> **ABOUT THIS TASK**:
Repeat the listing below verbatim, without its images.

> **INFORMATION SUPPLIED**:
* * *

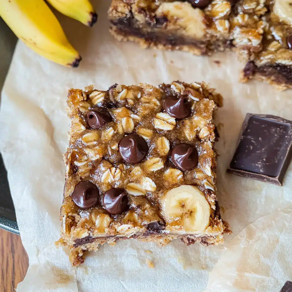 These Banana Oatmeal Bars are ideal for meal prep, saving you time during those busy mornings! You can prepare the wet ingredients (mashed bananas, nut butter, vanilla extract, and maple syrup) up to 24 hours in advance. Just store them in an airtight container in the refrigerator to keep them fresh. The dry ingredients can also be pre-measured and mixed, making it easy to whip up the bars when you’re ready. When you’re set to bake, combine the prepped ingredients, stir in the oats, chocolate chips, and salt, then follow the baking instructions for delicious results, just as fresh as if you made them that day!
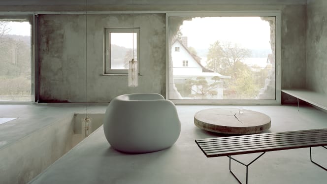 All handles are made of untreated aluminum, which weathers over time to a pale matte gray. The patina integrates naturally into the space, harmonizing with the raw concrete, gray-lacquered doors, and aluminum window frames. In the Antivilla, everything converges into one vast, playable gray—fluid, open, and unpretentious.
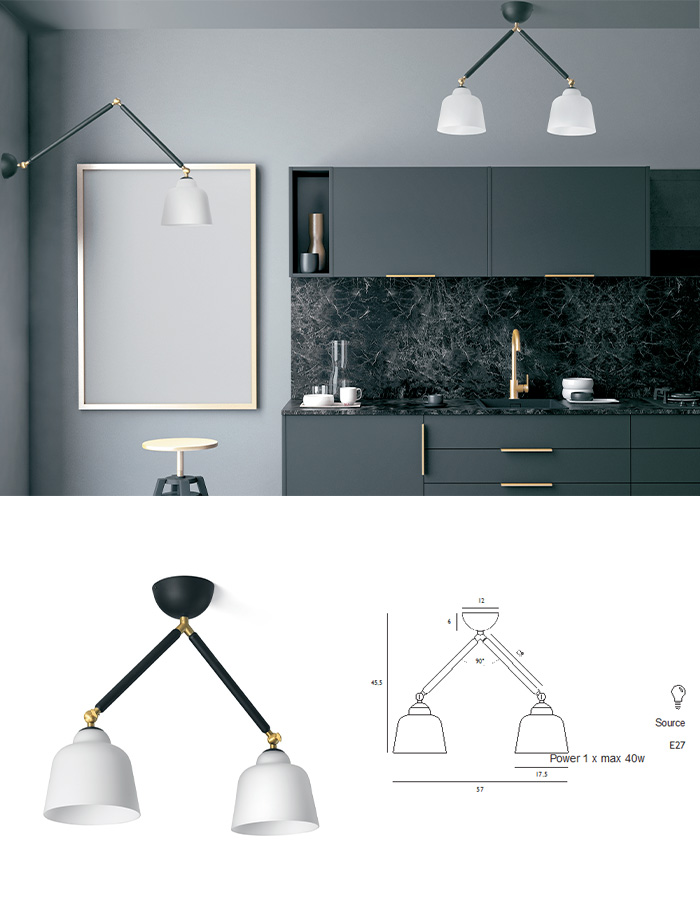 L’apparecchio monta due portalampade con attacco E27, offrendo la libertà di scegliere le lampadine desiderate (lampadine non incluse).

* * *

> **EXERCISE RESPONSE**:
 These Banana Oatmeal Bars are ideal for meal prep, saving you time during those busy mornings! You can prepare the wet ingredients (mashed bananas, nut butter, vanilla extract, and maple syrup) up to 24 hours in advance. Just store them in an airtight container in the refrigerator to keep them fresh. The dry ingredients can also be pre-measured and mixed, making it easy to whip up the bars when you’re ready. When you’re set to bake, combine the prepped ingredients, stir in the oats, chocolate chips, and salt, then follow the baking instructions for delicious results, just as fresh as if you made them that day!
 All handles are made of untreated aluminum, which weathers over time to a pale matte gray. The patina integrates naturally into the space, harmonizing with the raw concrete, gray-lacquered doors, and aluminum window frames. In the Antivilla, everything converges into one vast, playable gray—fluid, open, and unpretentious.
 L’apparecchio monta due portalampade con attacco E27, offrendo la libertà di scegliere le lampadine desiderate (lampadine non incluse).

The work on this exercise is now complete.